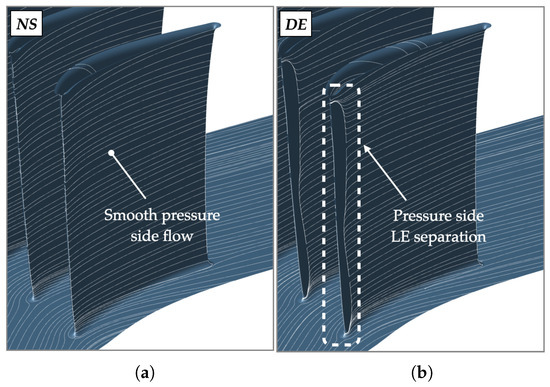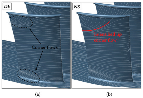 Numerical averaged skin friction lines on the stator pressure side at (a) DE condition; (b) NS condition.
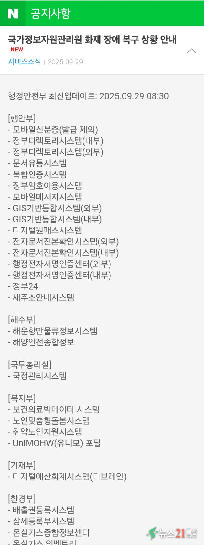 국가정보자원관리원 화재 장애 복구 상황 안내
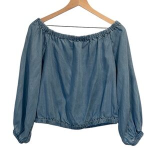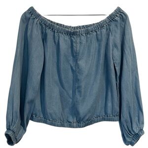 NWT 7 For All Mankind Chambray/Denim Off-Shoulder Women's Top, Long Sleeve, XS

◆ ◆ ◆ ◆ ◆

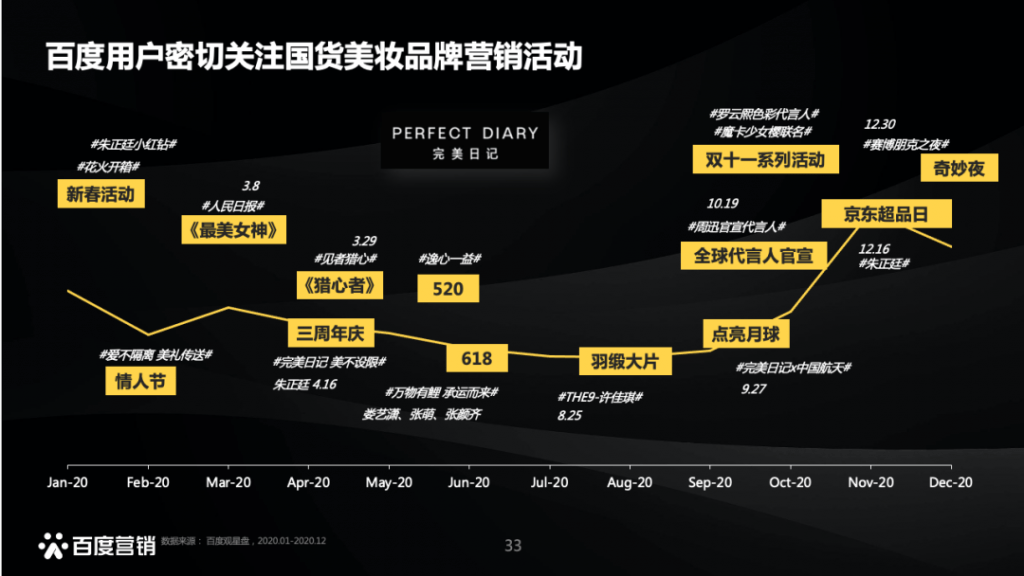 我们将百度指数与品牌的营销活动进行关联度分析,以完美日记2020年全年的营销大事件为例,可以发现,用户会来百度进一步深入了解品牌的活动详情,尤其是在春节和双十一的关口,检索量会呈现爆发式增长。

◆ ◆ ◆ ◆ ◆

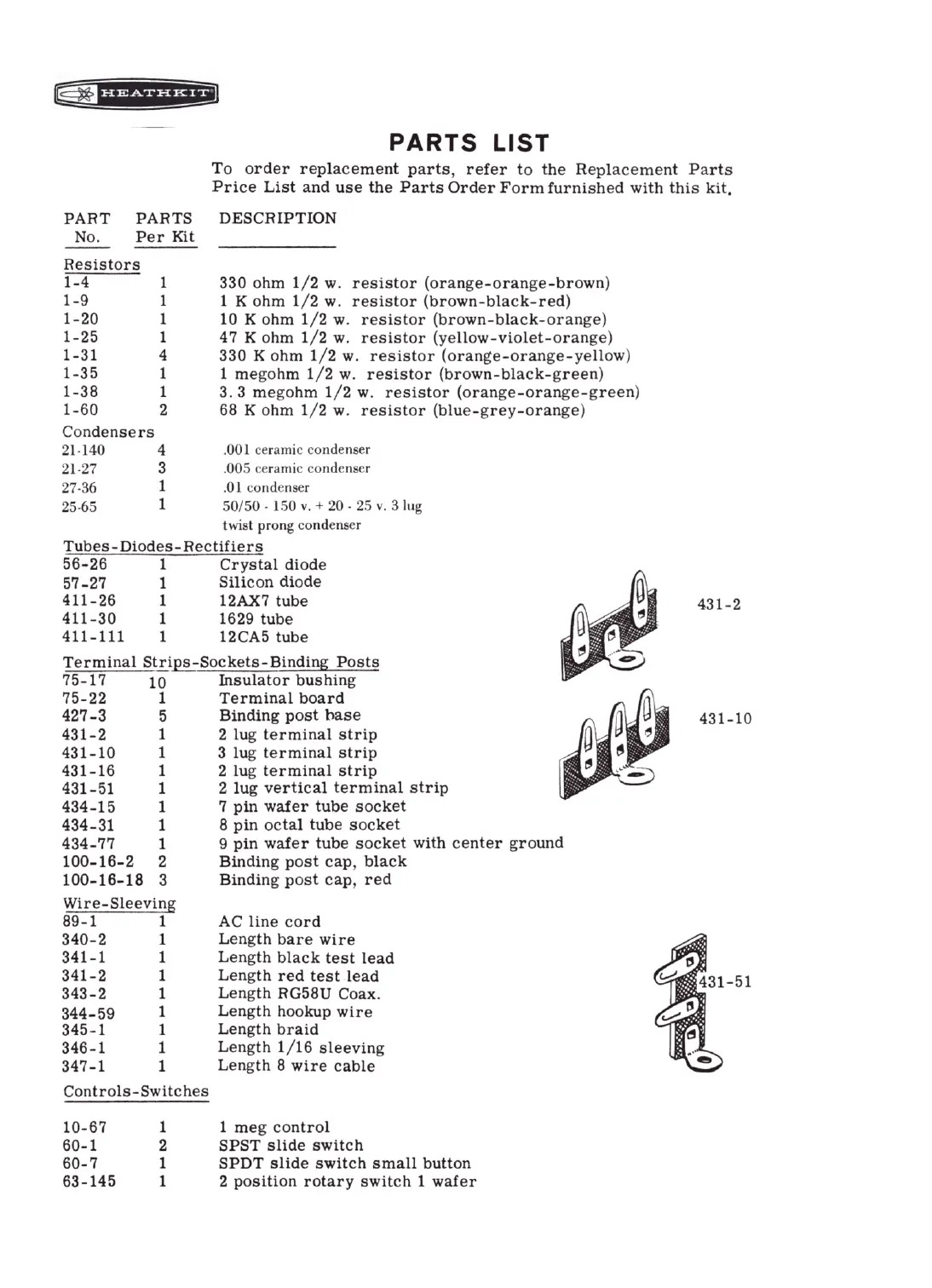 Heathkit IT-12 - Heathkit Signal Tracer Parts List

◆ ◆ ◆ ◆ ◆

### WORK INSTRUCTION
Only one stretch of the listing is wanted: the lines starting at the one with "Numerical averaged skin" and ending at the one with "NWT 7 For All", copied exactly and free of pictures.

### FINAL ANSWER
 Numerical averaged skin friction lines on the stator pressure side at (a) DE condition; (b) NS condition.
 국가정보자원관리원 화재 장애 복구 상황 안내
 NWT 7 For All Mankind Chambray/Denim Off-Shoulder Women's Top, Long Sleeve, XS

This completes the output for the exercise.